Dealers from primarily Chicago’s West Side are bringing heroin into the Aurora area with a higher potency than before, which is causing more overdose deaths throughout the county, he said. […]
Thefts, burglaries and other crimes are up in Kane County and 99 percent of the time the crimes are associated with addiction, [Kane County Sheriff’s Sgt. Aaron Feiza] said.
He estimates 95 percent of heroin addicts he’s dealt with started using prescription drugs first. Prescription drugs often are more expensive - one pill can cost between $70 and $80, he said. Heroin becomes a cheaper alternative, Feiza said. A bag of heroin costs $10 or $15 for the same kind of high, he said.
…Adding More… Crain’s…
Private insurance claims related to opioid abuse and dependence diagnoses increased 329 percent in Illinois between 2007 and 2014, according to data from Fair Health, a New York-based nonprofit that seeks to increase transparency in health care costs.

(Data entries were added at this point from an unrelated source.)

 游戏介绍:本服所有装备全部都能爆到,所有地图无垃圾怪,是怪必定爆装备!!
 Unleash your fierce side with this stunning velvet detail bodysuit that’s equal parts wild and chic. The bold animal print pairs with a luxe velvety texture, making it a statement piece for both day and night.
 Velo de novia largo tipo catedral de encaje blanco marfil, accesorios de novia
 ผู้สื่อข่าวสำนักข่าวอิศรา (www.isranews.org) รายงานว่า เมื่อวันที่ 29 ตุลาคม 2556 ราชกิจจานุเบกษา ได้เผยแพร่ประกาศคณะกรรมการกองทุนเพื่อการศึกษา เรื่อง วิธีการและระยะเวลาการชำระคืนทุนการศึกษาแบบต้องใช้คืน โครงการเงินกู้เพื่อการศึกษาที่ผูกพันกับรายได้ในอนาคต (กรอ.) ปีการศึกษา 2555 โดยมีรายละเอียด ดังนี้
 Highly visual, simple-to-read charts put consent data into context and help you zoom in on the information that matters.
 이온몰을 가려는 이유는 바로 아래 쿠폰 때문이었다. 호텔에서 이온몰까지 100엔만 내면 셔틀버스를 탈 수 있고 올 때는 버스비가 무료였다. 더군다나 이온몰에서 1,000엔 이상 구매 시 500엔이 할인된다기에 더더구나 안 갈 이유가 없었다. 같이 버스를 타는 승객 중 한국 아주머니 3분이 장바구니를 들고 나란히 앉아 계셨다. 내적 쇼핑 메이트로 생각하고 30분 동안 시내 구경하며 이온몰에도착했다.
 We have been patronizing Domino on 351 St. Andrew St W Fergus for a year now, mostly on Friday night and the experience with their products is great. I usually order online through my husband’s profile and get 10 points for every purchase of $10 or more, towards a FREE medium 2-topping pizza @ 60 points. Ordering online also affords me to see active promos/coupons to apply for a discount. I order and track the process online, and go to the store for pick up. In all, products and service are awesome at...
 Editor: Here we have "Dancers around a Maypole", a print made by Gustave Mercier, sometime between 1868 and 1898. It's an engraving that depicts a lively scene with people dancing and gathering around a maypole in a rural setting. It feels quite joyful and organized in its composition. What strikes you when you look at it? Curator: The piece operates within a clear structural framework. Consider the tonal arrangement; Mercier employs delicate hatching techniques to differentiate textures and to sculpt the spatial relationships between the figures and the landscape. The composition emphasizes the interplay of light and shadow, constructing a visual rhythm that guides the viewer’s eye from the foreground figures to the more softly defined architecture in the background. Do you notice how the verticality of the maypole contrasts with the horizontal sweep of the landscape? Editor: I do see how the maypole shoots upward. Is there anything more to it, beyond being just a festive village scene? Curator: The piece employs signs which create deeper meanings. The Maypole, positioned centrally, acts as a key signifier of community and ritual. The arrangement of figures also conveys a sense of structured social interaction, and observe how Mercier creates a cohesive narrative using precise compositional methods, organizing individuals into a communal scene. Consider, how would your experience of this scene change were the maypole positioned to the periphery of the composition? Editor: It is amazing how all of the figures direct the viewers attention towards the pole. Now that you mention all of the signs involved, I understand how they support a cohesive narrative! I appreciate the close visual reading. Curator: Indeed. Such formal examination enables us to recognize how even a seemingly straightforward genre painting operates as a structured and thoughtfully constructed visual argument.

In Chicago alone, such claims increased 382 percent over the seven-year period.
Robin Gelburd, president of Fair Health—which analyzed more than 23 billion claims from more than 150 million privately insured Americans—says that while Chicago’s claims increased at a greater rate than the state’s, the city’s proportion of opioid claims remains smaller than that of the rest of Illinois, based on population.
Citing U.S. Census data from last year, she says Chicago represents 21 percent of Illinois’ overall population but only 14 percent of opioid-related diagnoses.
* Will there be problems with legalization? Of course there will be. But this failed national war on pot is hurting far more lives than the actual use of the product.
Also, Sen. Manar, way to stick your neck out, bud.
* Meanwhile, you’ll recall that I asked the Democratic gubernatorial candidates this week about their own position on the topic. I heard back from Kurt Summers last night…
I support the legalization of marijuana if the goals of the legislation are to take power away from gangs and reduce drug-related violence. The impact of the legislation should be to divert resources from arresting and prosecuting low-level, non-violent offenders to focus on those who seek to harm others. Our communities have been under siege for too long for this to be passed without support from community leaders and law enforcement officials. This isn’t just a criminal justice issue, it’s a public health issue, and we must commit the proper resources to address these issues responsibly.
Chicago Treasurer Kurt Summers is continuing his flirtation with a run for the Democratic nomination for governor in 2018, sending an email to supporters explaining why he’s weighing a bid and alerting them to an upcoming fundraiser.
In the Wednesday night email, titled “New Leadership in Illinois,” Summers says he’s been meeting with community leaders, union workers, business owners and others about a possible run and concluded that “Illinois needs someone who will fix our budget deficit, create jobs, improve education and fight for working people day-in and day-out.”